Bring on the Soft Robots
Hard isn't always more resilient or useful
It’s common for roboticists to take design inspiration from living creatures, but such biomimetic machines are usually modeled on animals with skeletons, either internal ones like those of humans or external shells like insects have. But chemist George Whitesides and his colleagues at Harvard University think soft-bodied organisms—such as squid, starfish and worms—have been overlooked for too long. The researchers have created prototype “soft robots” that can fill niches where no hard body could go.
The robots are fabricated using a technique that Whitesides pioneered, called soft lithography. The name is taken from photolithography, the manufacturing process used to make most electronic components. Light shines through a patterned mask to expose a thin polymer film, and the regions not in the desired pattern can then be dissolved away. “It’s a fantastically successful technology, it’s capable of going to very high resolution and very small features, and it’s also fantastically expensive,” says Whitesides.
In soft lithography, instead of using light, the team makes a mold that they cast in a soft polymer, a much simpler and relatively inexpensive fabrication process. “We either use the flat surface of that casting to print, or we seal its recessed surface to make channels,” says Whitesides. The channels have been used for microfluidics, networks that pump around chemical reagents for purposes such as a DNA analysis. Whitesides and his group made the conceptual leap from pumping fluid to creating locomotion. “We take that channel structure and pump air into it, which means it bends and twists and makes the elements of a robot,” Whitesides says.

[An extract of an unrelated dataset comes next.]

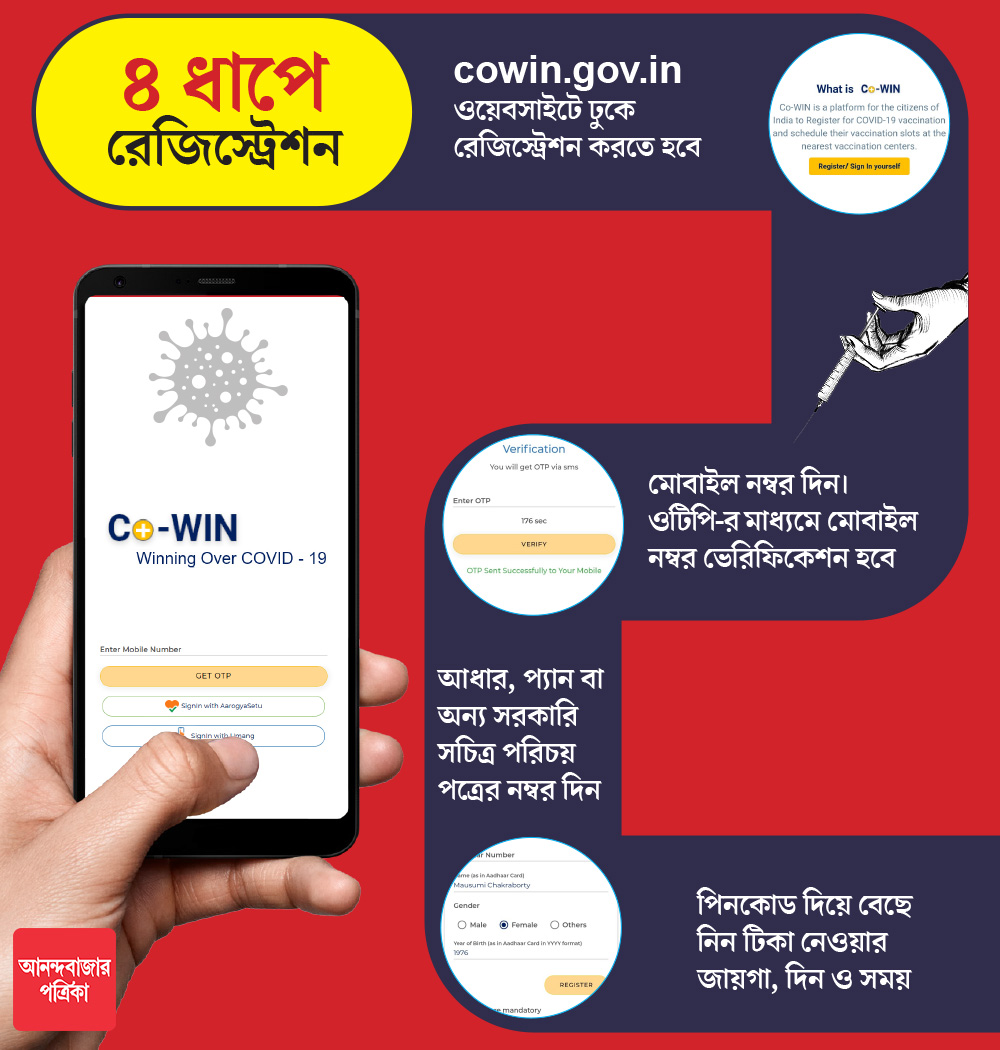 তবে ৪৫ বছর বয়সের ঊর্ধ্বদের জন্য এই নতুন নিয়ম নয়। তাঁরা আগের মতোই সরাসরি টিকাকেন্দ্রে গিয়ে কোউইন অ্যাপে নাম নথিভুক্ত করতে পারবেন। ১৮ থেকে ৪৫ বছর বয়সিদের জন্য ২৮ এপ্রিল থেকেই শুরু হবে এই নাম নথিভুক্তকরণ। সরাসরি কোউইন অ্যাপ প্ল্যাটফর্মে গিয়ে নাম নথিভুক্ত করা যাবে।

The limbs and trunk of the robot are molded with an internal pattern of chambers that looks a bit like a simplified snowflake—a central “backbone” channel with tubes branching off from either side. The robot is made of two polymer layers, one that stretches a lot, and one that is firmer. When air is pumped into the limbs, the chambers in the stretchy material expand like balloons, but the firmer material does not stretch, so the limb curls up around the nonexpanding side. Frictional forces with the ground create lateral push from the back side of the limb as it curls, so the whole structure bends forward away from the expanding balloons. With a clever sequence of limb actuation, the robot can creep its way along.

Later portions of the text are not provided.